■ **Information provided**:
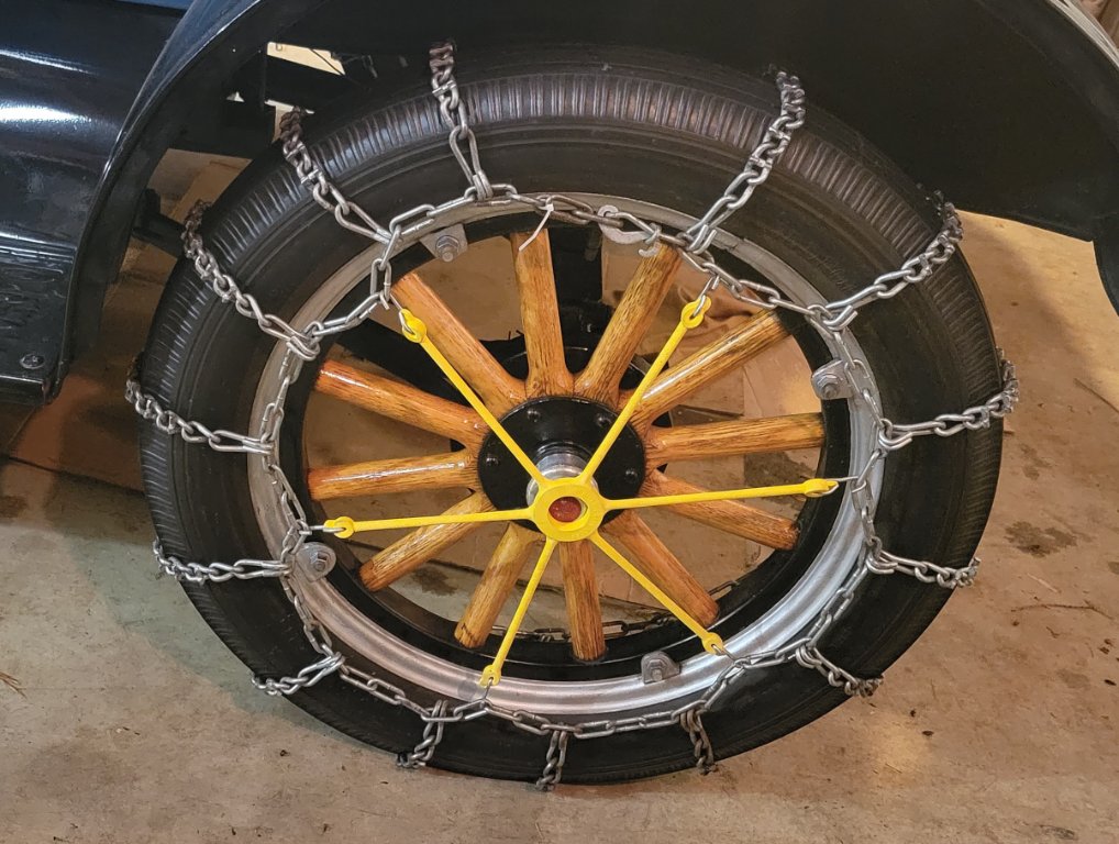 A side note on chains - they need to be installed loose enough to "crawl" around the circumference of the tire when in motion. Too tight, and the cross chains will cut across the tire tread where they sit. Another aspect, chains limit one's speed to 25-30 mph, not an issue for a Model T, or when you really need them, but annoys other drivers if you have to go any distance on bare pavement.
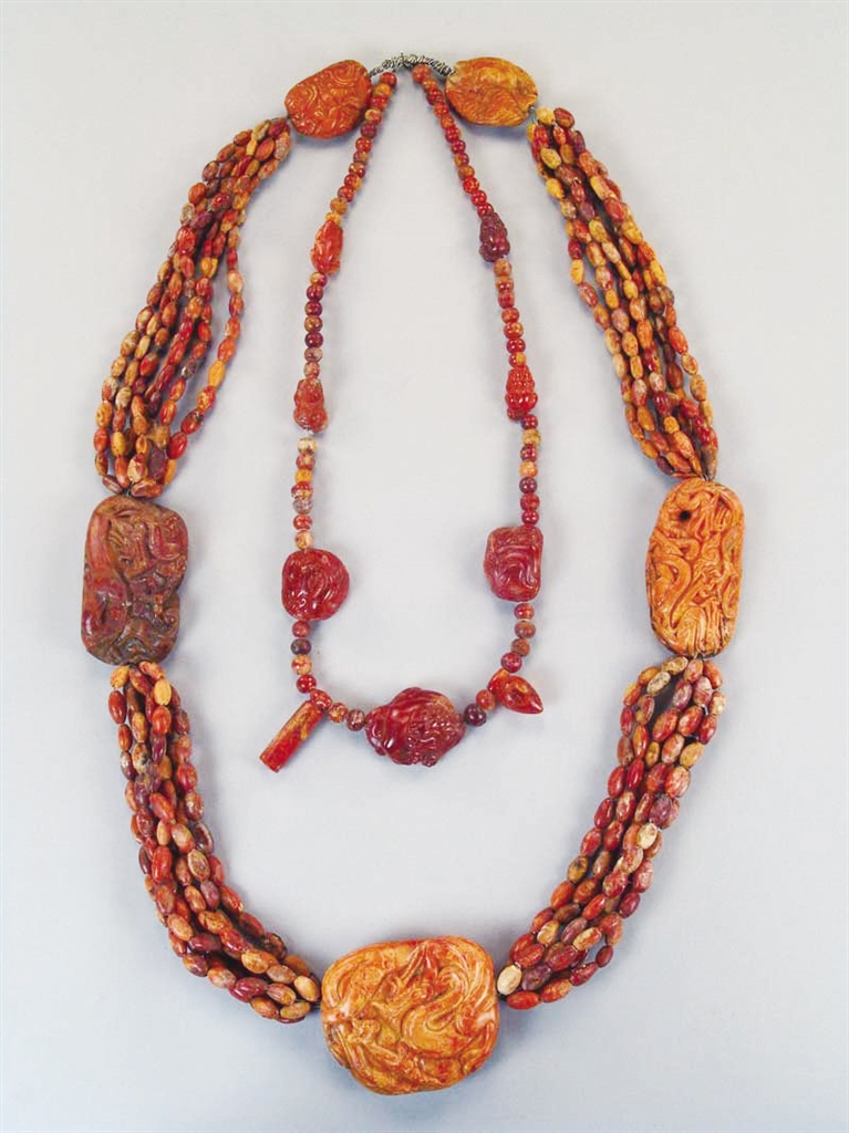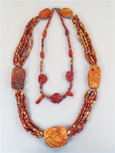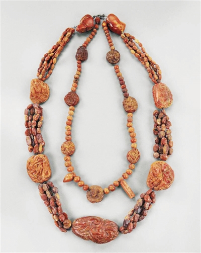辽代贵族墓中发现大量以琥珀作为首饰的主要材质,其数量和质量是历史上任何朝代都无法与其比拟的。史料记载,我国对琥珀的使用可以追溯到距今三千年前的四川广汉三星堆遗址时期,在以后历代都有出现过,但数量很少,唐代仅有三处遗址出土琥珀制品,宋元出土的琥珀制品亦屈指可数,这与辽代大规模使用琥珀制品形成了鲜明对比。
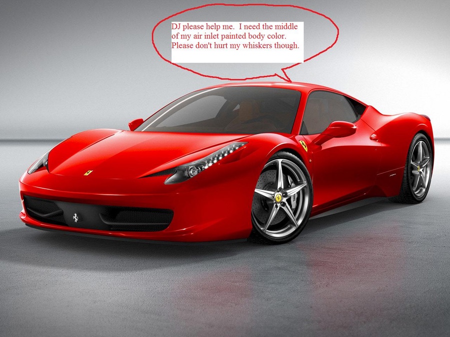 The front end is dominated by the gaping open "mouth". Maybe painting the center section between the two inlets body color would do much to break up the mouth and give the same look as 360/430? It may look best if the air inlet deforming whisker looking things were left black. I think it would make the front end look nicer and its probably the first thing I'd do to a 458.
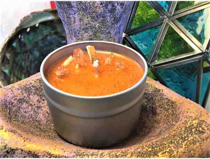 Orange Chiffon Cake 4oz travel tin candle with a clear quartz point, Orange Quartz chips and Orange peel handcrafted in small batches at Spellbound's rural Ky work shop.
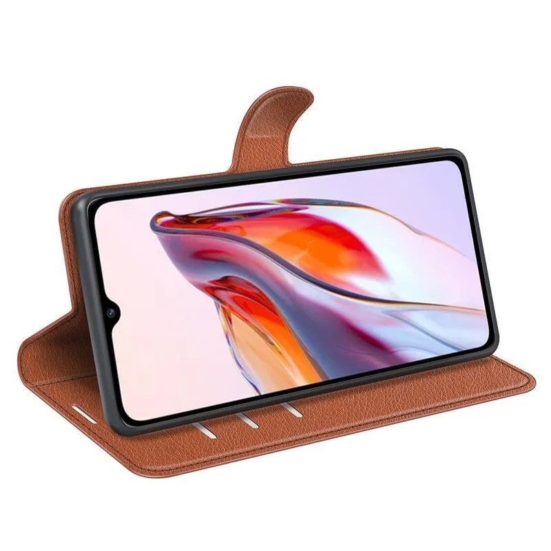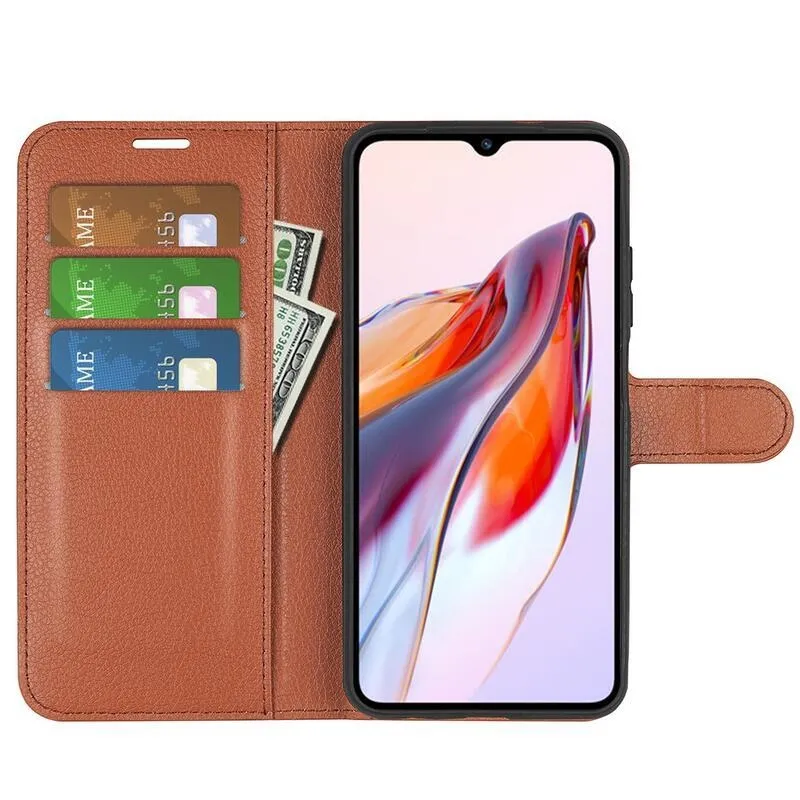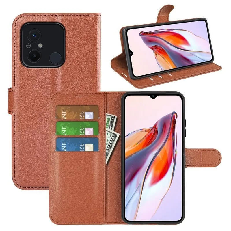 Litchi barna pénztárca tok Xiaomi Redmi 12C számára
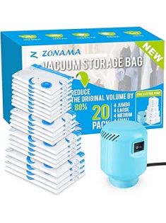 Vacuum Storage Bags with Electric Air Pump, 20 Pack (4 Jumbo, 4 Large, 4 Medium, 4 Small, 4 Roll Up Bags) Space Saving Bag for Clothes, Mattress, Blanket, Duvets, Pillows, Comforters,Travel
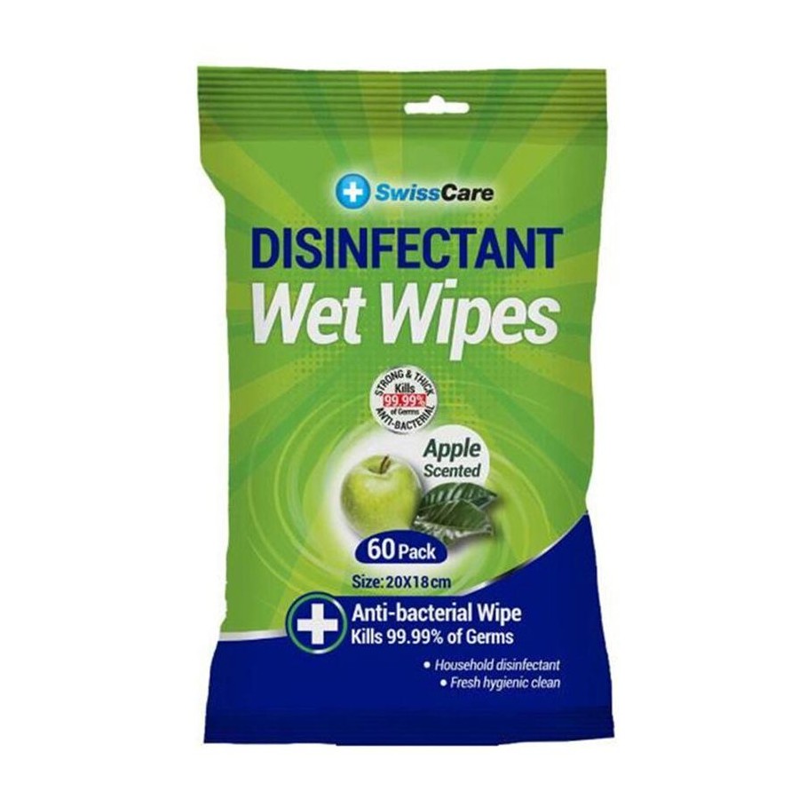 SwissCare Antibacterial Disinfectant Wet Wipes Apple 60 Pack
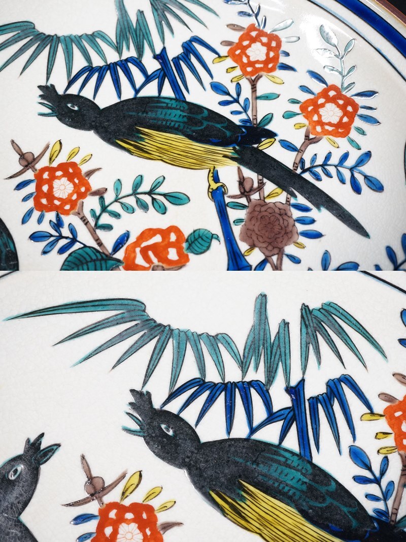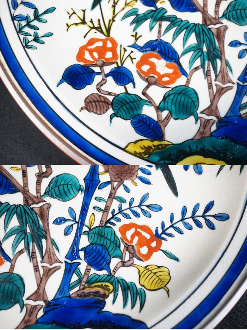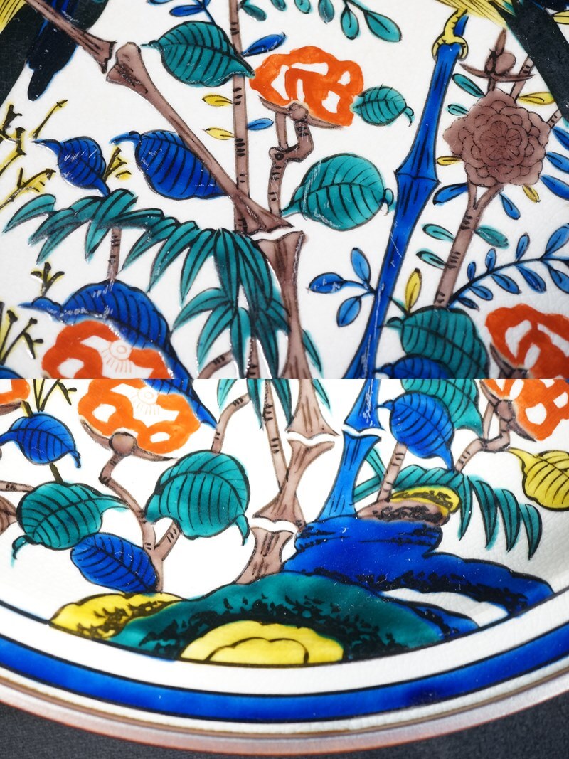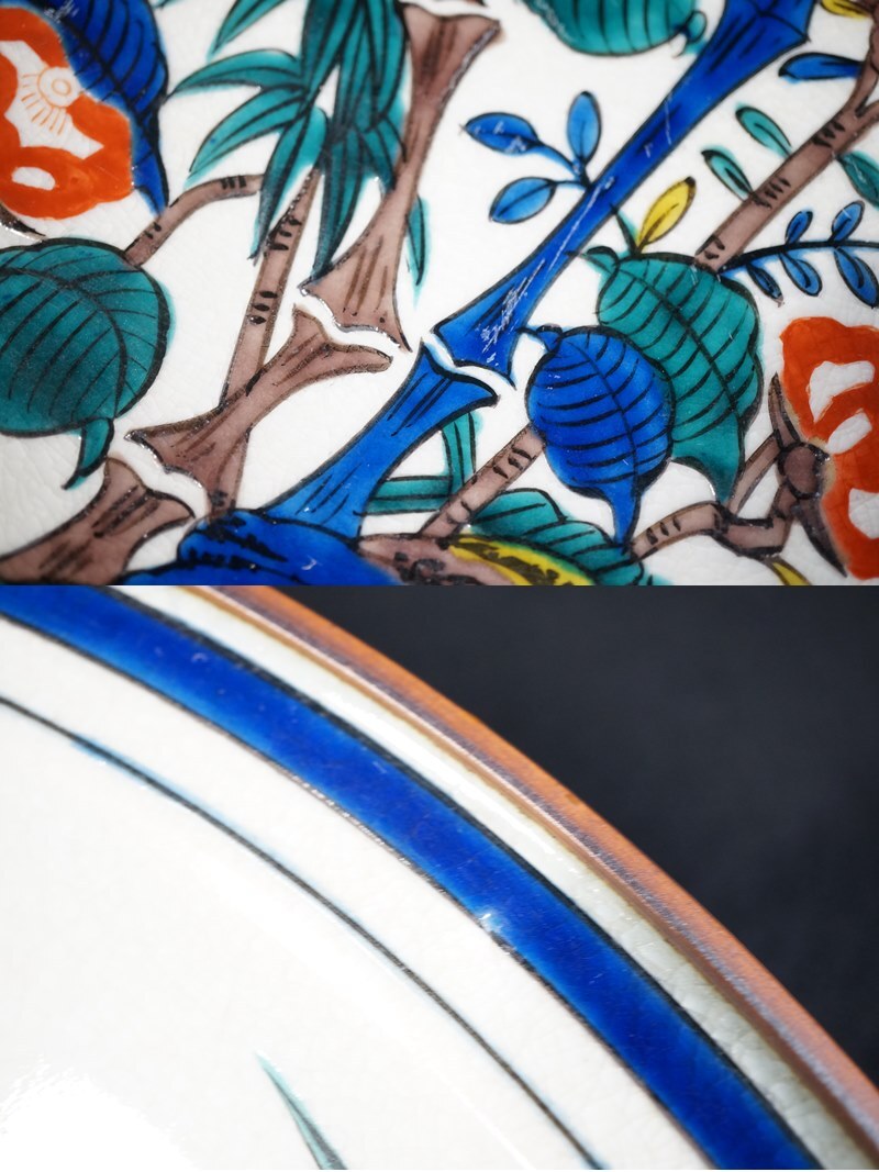 ■東ハ:【九谷焼】角福銘 色絵 哥々鳥図 飾皿 約31.5㎝ 叭々鳥図写し 八哥鳥 花鳥図 吉祥図 大皿 飾り皿 ★送料無料★■ 九谷焼 角福 銘入り「 色絵 哥々鳥図 飾皿 」叭々鳥図写し 大皿になります。 【九谷焼】 九谷焼は、日本を代表する色絵陶磁器です。その特徴であり、最大の魅力は「上絵付け」です。 「上絵付けを語らずして九谷はない」と言われるほど、色絵装飾の素晴らしさは、豪放華麗です。 九谷焼の上絵付けの特徴は『赤、黄、緑、紫、紺青』の、五彩手(通称九谷五彩)という、 みごとな色彩効果と優美な絵模様に表れています。 その他、『緑、黄、紫、紺青』を使用した青手古九谷の塗埋手など、 色彩のハーモニーが魅力です。 【サイズ】 (約) 高さ4.6 × 幅31.5 ×奥行31.5 cm 【コンディション】 中古のお品となります。 付属品は写真にあるものが全てです。 使用に伴うキズが複数ございます。 当店では、古いものを扱っておりますため、時代経過による汚れ・スレなどがございます。 新品(完全品)をお求めの方は、ご入札をお控えください。 状態につきまして、不明な点などございましたら商品説明欄の質問欄より事前にお気軽にご質問ください。 画像をよくご覧になられお客様のご納得の上、責任を負える範囲でのご入札をお願い致します。 ■商品画像について■ ご使用モニター環境などによっては、多少色合いなどが異なって見える場合がございます。 予めご了承いただけますようお願い申し上げます。 商品画像をよくご確認の上、ご参加ください。 [管理No.24051761R1] |

■ **Requirement**: Above is a listing with pictures. Write it out exactly without them.

■ **Exercise result**:
 A side note on chains - they need to be installed loose enough to "crawl" around the circumference of the tire when in motion. Too tight, and the cross chains will cut across the tire tread where they sit. Another aspect, chains limit one's speed to 25-30 mph, not an issue for a Model T, or when you really need them, but annoys other drivers if you have to go any distance on bare pavement.
辽代贵族墓中发现大量以琥珀作为首饰的主要材质,其数量和质量是历史上任何朝代都无法与其比拟的。史料记载,我国对琥珀的使用可以追溯到距今三千年前的四川广汉三星堆遗址时期,在以后历代都有出现过,但数量很少,唐代仅有三处遗址出土琥珀制品,宋元出土的琥珀制品亦屈指可数,这与辽代大规模使用琥珀制品形成了鲜明对比。
 The front end is dominated by the gaping open "mouth". Maybe painting the center section between the two inlets body color would do much to break up the mouth and give the same look as 360/430? It may look best if the air inlet deforming whisker looking things were left black. I think it would make the front end look nicer and its probably the first thing I'd do to a 458.
 Orange Chiffon Cake 4oz travel tin candle with a clear quartz point, Orange Quartz chips and Orange peel handcrafted in small batches at Spellbound's rural Ky work shop.
 Litchi barna pénztárca tok Xiaomi Redmi 12C számára
 Vacuum Storage Bags with Electric Air Pump, 20 Pack (4 Jumbo, 4 Large, 4 Medium, 4 Small, 4 Roll Up Bags) Space Saving Bag for Clothes, Mattress, Blanket, Duvets, Pillows, Comforters,Travel
 SwissCare Antibacterial Disinfectant Wet Wipes Apple 60 Pack
 ■東ハ:【九谷焼】角福銘 色絵 哥々鳥図 飾皿 約31.5㎝ 叭々鳥図写し 八哥鳥 花鳥図 吉祥図 大皿 飾り皿 ★送料無料★■ 九谷焼 角福 銘入り「 色絵 哥々鳥図 飾皿 」叭々鳥図写し 大皿になります。 【九谷焼】 九谷焼は、日本を代表する色絵陶磁器です。その特徴であり、最大の魅力は「上絵付け」です。 「上絵付けを語らずして九谷はない」と言われるほど、色絵装飾の素晴らしさは、豪放華麗です。 九谷焼の上絵付けの特徴は『赤、黄、緑、紫、紺青』の、五彩手(通称九谷五彩)という、 みごとな色彩効果と優美な絵模様に表れています。 その他、『緑、黄、紫、紺青』を使用した青手古九谷の塗埋手など、 色彩のハーモニーが魅力です。 【サイズ】 (約) 高さ4.6 × 幅31.5 ×奥行31.5 cm 【コンディション】 中古のお品となります。 付属品は写真にあるものが全てです。 使用に伴うキズが複数ございます。 当店では、古いものを扱っておりますため、時代経過による汚れ・スレなどがございます。 新品(完全品)をお求めの方は、ご入札をお控えください。 状態につきまして、不明な点などございましたら商品説明欄の質問欄より事前にお気軽にご質問ください。 画像をよくご覧になられお客様のご納得の上、責任を負える範囲でのご入札をお願い致します。 ■商品画像について■ ご使用モニター環境などによっては、多少色合いなどが異なって見える場合がございます。 予めご了承いただけますようお願い申し上げます。 商品画像をよくご確認の上、ご参加ください。 [管理No.24051761R1] |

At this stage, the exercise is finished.